Kokkos has a strong history of engagement with the HPC community, providing tutorials and training materials to its wide range of users. Its legacy will continue beyond ECP, as there are currently no other solutions for C++ portability that operate at its scale.
Library and application developers are confronted with the challenges of inventing new parallel algorithms for many-core chips while learning the different programming mechanisms for each architecture and creating and maintaining specialized performant code for each. Adapting libraries and application software as the architectures evolve and become more complex to attain improved performance is a large time investment. The purpose of the Kokkos/RAJA project is to provide portable abstractions that developers can adopt to reduce or eliminate this overhead and improve their productivity.
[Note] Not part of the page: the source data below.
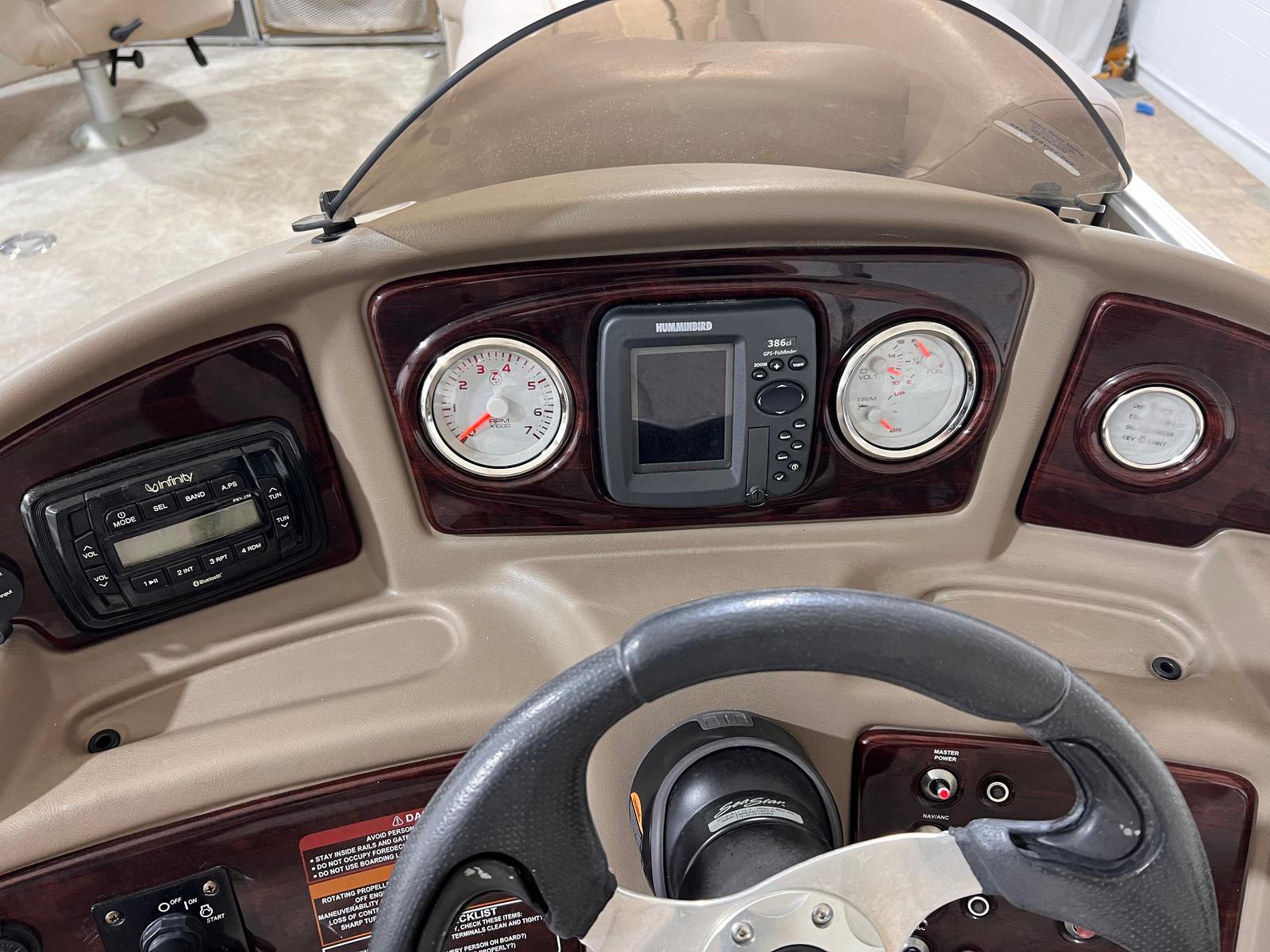This Crest pontoon boat for sale is packed with features designed to elevate your boating experience. The SNAP-ON COVER offers protection from the elements, keeping your boat in top condition when not in use. The BIMINI TOP provides shade and comfort on sunny days, allowing you to relax and enjoy the scenery without worrying about harsh sun exposure. For water sports enthusiasts, the STAINLESS SKI TOW BAR is a standout feature, making it easy to tow skiers, wakeboarders, or inflatable tubes.Dual batteries with a switch ensure reliable power management, so you can enjoy extended outings without concern. Docking lights and courtesy lights enhance safety and convenience, making evening cruises and docking maneuvers a breeze. The stainless steel telescoping swim ladder offers easy access to and from the water, perfect for swimming and water play. The onboard stereo with speakers sets the mood for fun and relaxation, providing high-quality sound for your favorite tunes as you cruise.
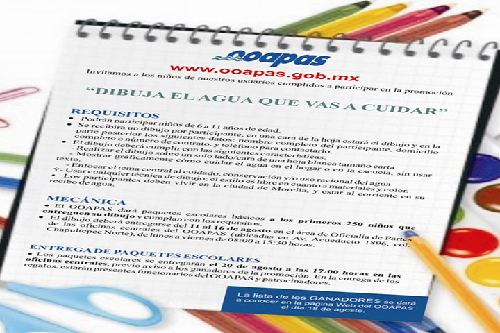 NOTICIAS 06/08/2014OOAPAS lanza promoción para el regreso a clasesComprometido con el proyecto del presidente municipal Wilfrido Lázaro Medina de sumar voluntades en favor de la sociedad moreliana, el Organismo Operador de Agua Potable, Alcantarillado y Saneamiento (OOAPAS) lanza la promoción "DIBUJA EL AGUA QUE VAS A CUIDAR", dirigido a las niñas y niños de los usuarios cumplidos, que están por iniciar un nuevo ciclo escolar.
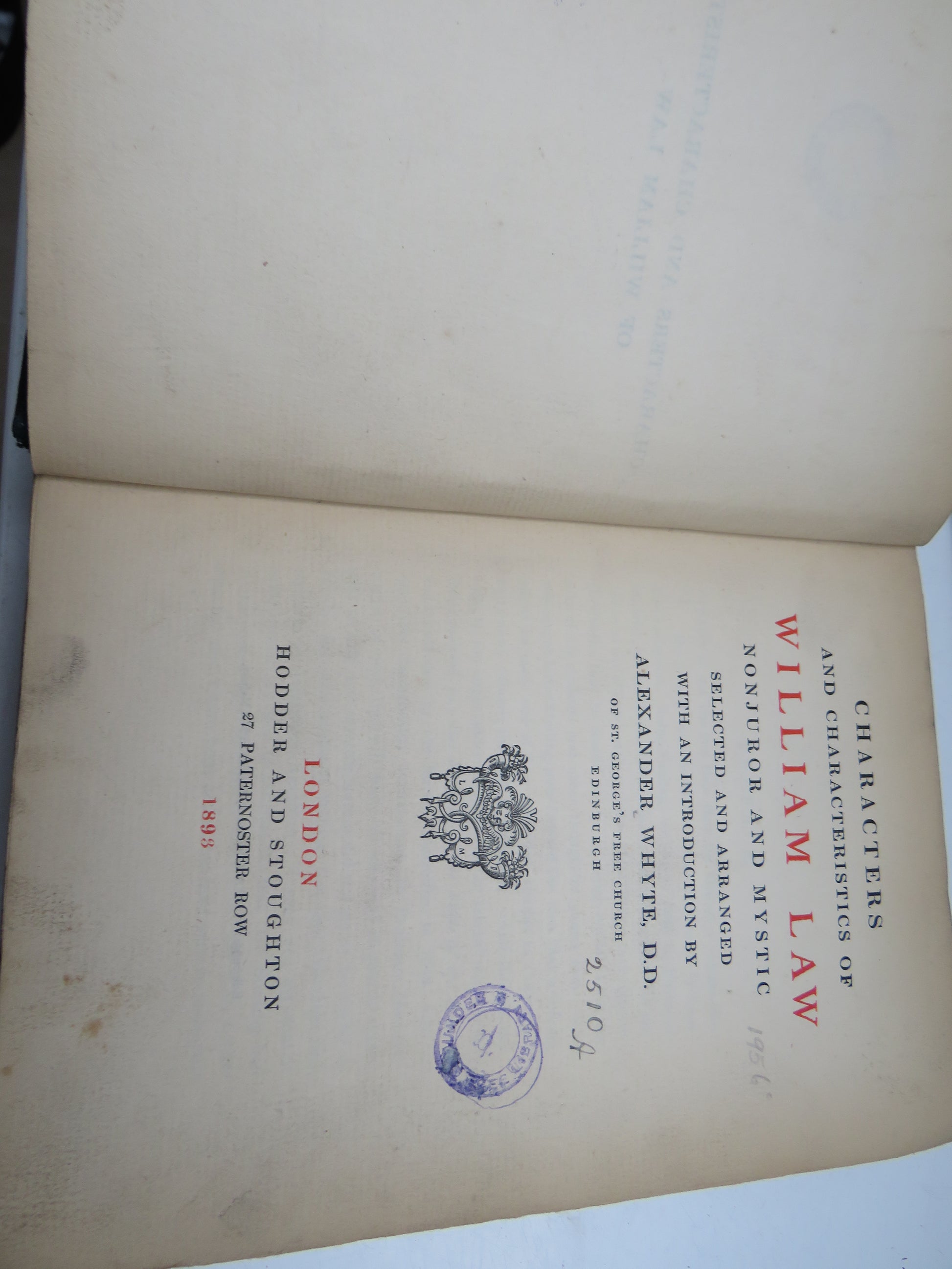 Characters and Characteristics of William Law Nonjuror and Mystic Selected and Arranged With An Introduction By Alexander Whyte 1893
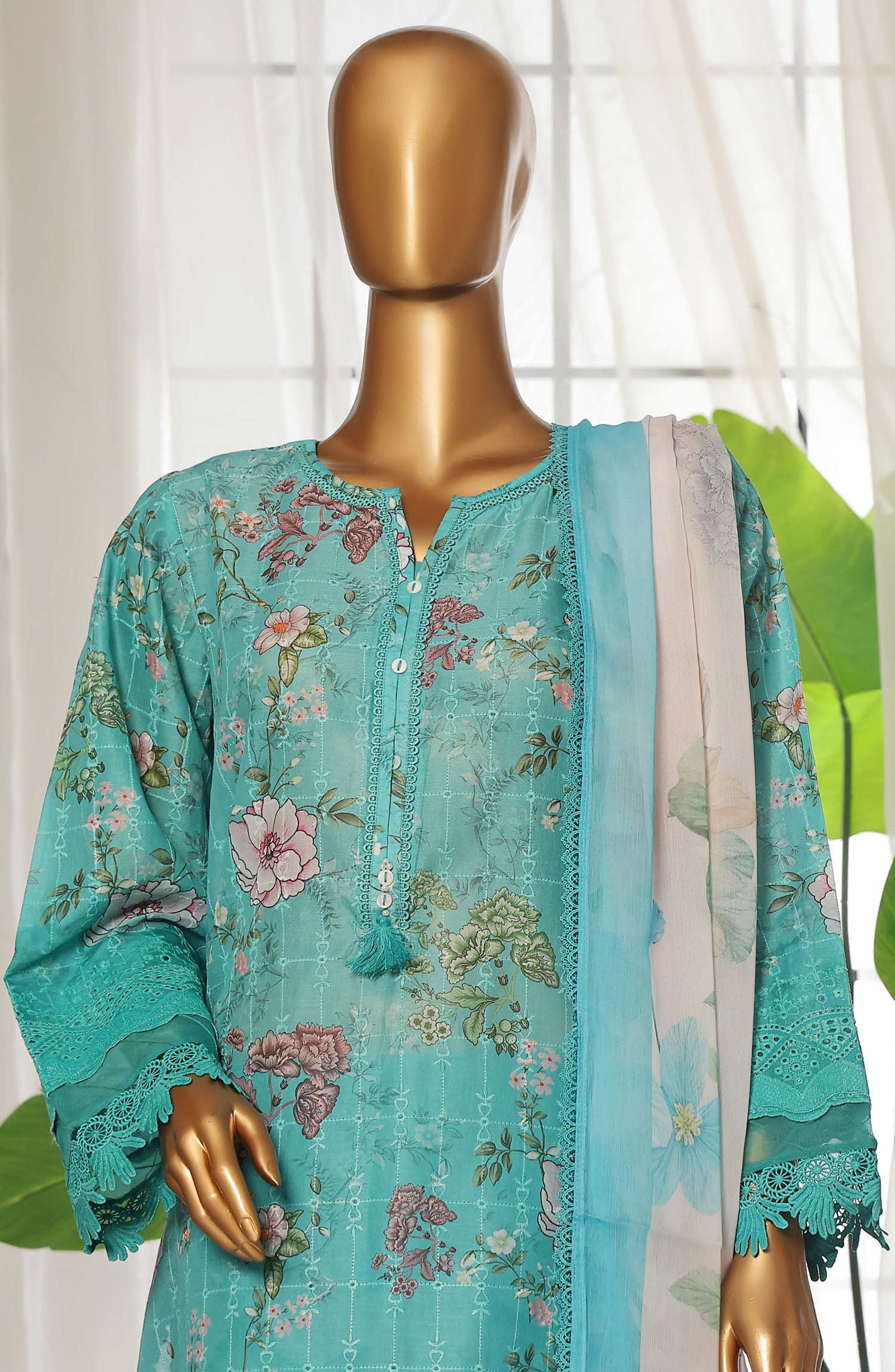 Sadabahar Chikankari Lawn Stitched 3 Piece Suit - D-01 - SBD25FC - Blue - Summer Collection
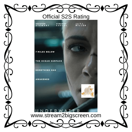 Glub Glub Glub…. that’s bottom of the ocean talk for “Welcome to Stream to Big Screen”. This week we were able to review the movie, Underwater. Underwater features Kristen Stewart as mechanical engineer, Norah, who gets trapped in the world’s largest and deepest drilling site and laboratory at the bottom of the ocean. Norah and the rest of her crew of aquatic researchers must find their way to safety and back to the surface before the laboratory, or worse, kills them. The Director, William Eubank, who has two previous directing credits to his name for The Signal (2014) and Love (2011) which didn’t do anything in theaters, also has another upcoming feature, Tautona, which sounds quite interesting. Interestingly enough, Eubank has a common theme in his films of space or the deepest part of the ocean or cave. Uninterestingly enough for Underwater, the film seems to be following his other films into obscurity.
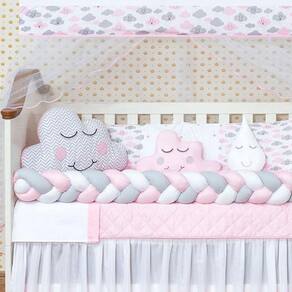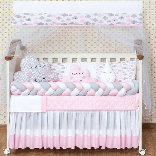 TOTAL 11 PEÇAS1 Cabeceira------------------0.57X0.37 mts1 Lateral -----------------------1.25X0.25mts1 Trança --------------------1.25X0.12 mts 1 Lençol de cima ------------1.30X0.90 mts ------ 100% ALGODÃO1 Fronha ---------------------0.28x0.38 mts ------ 100% ALGODÃO1 Bando do mosqueteiro---1.40x0.20 mts1 Mosqueteiro---------------4.50x1.50 mts1 Edredom-------------------1.30X0.75 mts1 Almofada nuvem --------0.40x0.20 mts1 Almofada Gota ----------0,30 x 0,22 mts1 SAIA BOX -------------1,30 x 0,70 x 0,30 mtsDescrição das peças :Tecido estampado 100% algodão Tecido liso 100% poliéster Jogo de lençol tecido 100% ALGODÃO Enchimento 100% poliésterMosqueteiro 100% poliamidaInformações Importantes:O produto já vai pronto para o uso, com o enchimento já incluso.Acompanha as peças conforme a descrição, não esta incluso o BerçoA cabeceira e as laterais do kit possuem zíper para retirar o enchimento, facilitando assim uma possível lavagem do produto. Marca: L2m
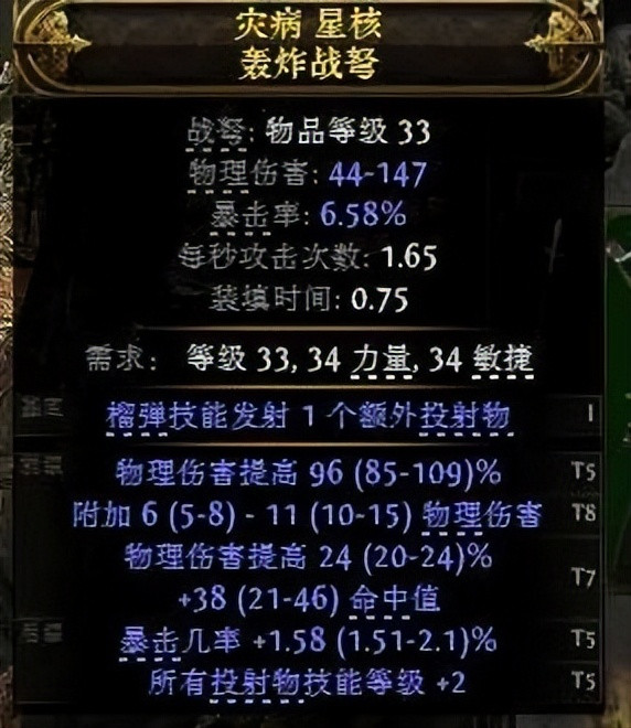 刀兵参考:33级后,更换刀兵,轰炸战弩的基础底细有+1极度榴弹,如故优先高伤害即可。物理、元素,后缀投射物等第均可,多关心商店和拾取,这把刀兵足已通关前四章节。
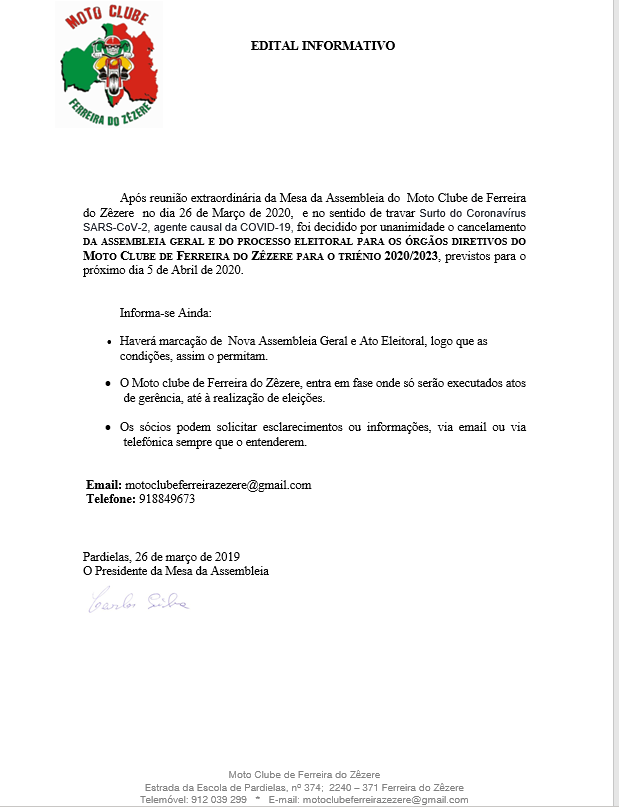 A Mesa da Assembleia Geral do Moto Clube de Ferreira do Zêzere, adia a Assembleia Geral e o Ato Eleitoral, marcada para este domingo, 5 de abril, para quando as condições assim o permitirem, no sentido de conter o Surto COVID-19. Para seu bem e de Todos, fique em casa e siga as indicações da DGS.
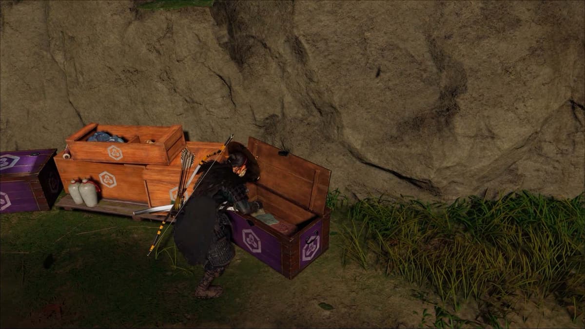 Почти всё, что видишь у дороги, можно подобрать, не спешиваясь: травы, сакэ, материалы, даже афиши с розыском на досках. Под исключение попадают крупные сундуки – их открывай, слезая с лошади.
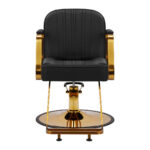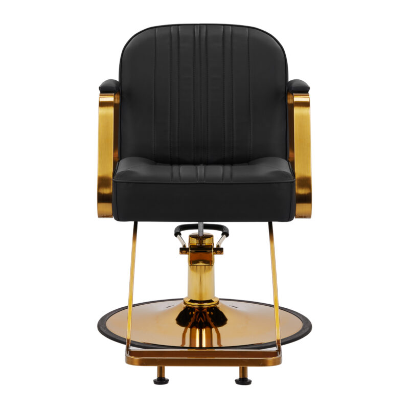 Mechanizm pełnego obrotu, w który jest wyposażony fotel, sprawia, że praca fryzjera staje się bardziej efektywna i wygodna. Solidna, okrągła podstawa gwarantuje stabilność w trakcie użytkowania. Polerowana, gładka powierzchnia nadaje elementowi elegancki wygląd i sprawia, że ten jest łatwy do utrzymania w czystości. Wygodne siedzisko z wypełnieniem z miękkiej pianki zapewnia wysoki komfort użytkowania, nawet podczas wielogodzinnych zabiegów. Częściowo tapicerowane, metalowe podłokietniki o ciekawym kształcie pozwalają na prawidłowe ułożenie barków klienta – sprawia to, że nie chowa głowy w ramionach ani się nie garbi – co wyraźnie ułatwia wykonywanie precyzyjnych zabiegów, w tym strzyżenia.
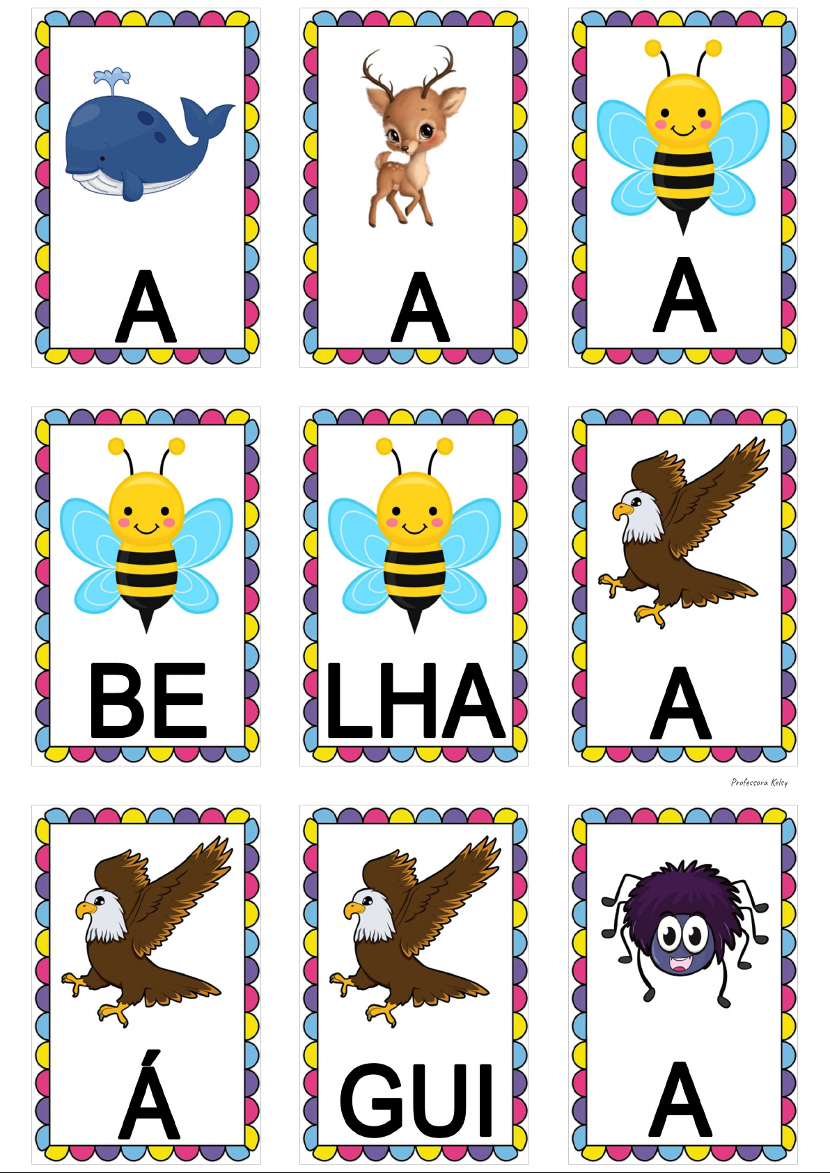 EMBARALHAR AS CARTAS E MONTAR AS PALAVRAS DE ACORDO COM AS IMAGENS E SÍLABAS. MEXE MEXE DOS ANIMAIS VOCÊ PODE INCENTIVAR UMA COMPETIÇÃO ENTRE OS ESTUDANTES PARA DESCOBRIR QUEM CONSEGUE MONTAR MAIS NOMES DOS ANIMAIS NA ORDEM CORRETA. PROFESSORA KELSY
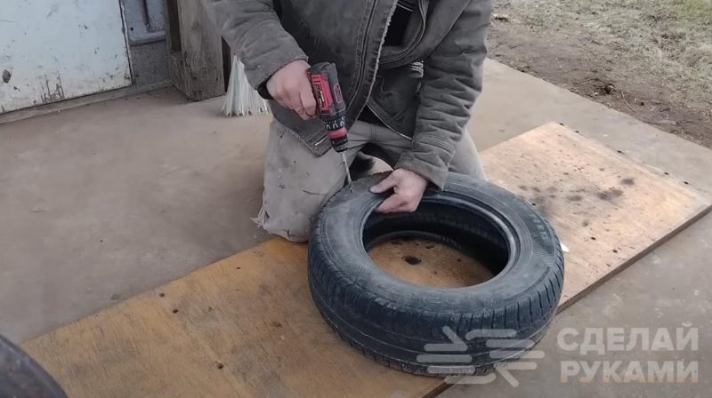 На следующем этапе нужно будет вывернуть автомобильную покрышку внутренней стороной наружу.

Kokkos provides a C++ parallel programming model for performance portability that is implemented as a C++ abstraction layer, including parallel execution and data management primitives. RAJA provides various C++ abstractions for parallel loop execution and supports constructs to reorder, aggregate, tile, and partition loop iterations and complex loop-kernel transformations. RAJA’s companion projects Umpire and CHAI provide portable memory management and smart data motion capabilities. Application and library developers can implement their code by using Kokkos/RAJA, which will map their parallel algorithms onto the underlying execution mechanism by using existing parallel programming models, such as OpenMP.
The Kokkos/RAJA team is focused on developing and optimizing backends to support the Aurora and Frontier systems. These backends will ensure that libraries and applications built with the Kokkos/RAJA abstractions will run and achieve high performance on these exascale systems without requiring the library and application developers to change their code, even if these architectures require their own custom programming mechanism.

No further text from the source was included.